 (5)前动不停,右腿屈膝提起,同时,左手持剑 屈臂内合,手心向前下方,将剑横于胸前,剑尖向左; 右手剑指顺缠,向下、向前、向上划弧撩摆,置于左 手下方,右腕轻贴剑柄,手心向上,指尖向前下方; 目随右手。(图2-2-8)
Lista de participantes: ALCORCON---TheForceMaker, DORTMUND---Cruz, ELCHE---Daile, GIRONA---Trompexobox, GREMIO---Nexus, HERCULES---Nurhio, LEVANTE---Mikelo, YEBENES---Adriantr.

_____

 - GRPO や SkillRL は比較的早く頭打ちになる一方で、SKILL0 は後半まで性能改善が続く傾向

_____

- **YOUR TASK**: Whatever else the listing above holds, retype exactly only the lines from the one containing "右手剑指顺缠,向下、向前、向上划弧撩摆,置于左 手下方,右腕轻贴剑柄,手心向上,指尖向前下方; 目随右手。(图2-2-8)" to the one containing "HERCULES---Nurhio, LEVANTE---Mikelo, YEBENES---Adriantr.", both ends kept.

- **SOLUTION TO THIS EXERCISE**:
 (5)前动不停,右腿屈膝提起,同时,左手持剑 屈臂内合,手心向前下方,将剑横于胸前,剑尖向左; 右手剑指顺缠,向下、向前、向上划弧撩摆,置于左 手下方,右腕轻贴剑柄,手心向上,指尖向前下方; 目随右手。(图2-2-8)
Lista de participantes: ALCORCON---TheForceMaker, DORTMUND---Cruz, ELCHE---Daile, GIRONA---Trompexobox, GREMIO---Nexus, HERCULES---Nurhio, LEVANTE---Mikelo, YEBENES---Adriantr.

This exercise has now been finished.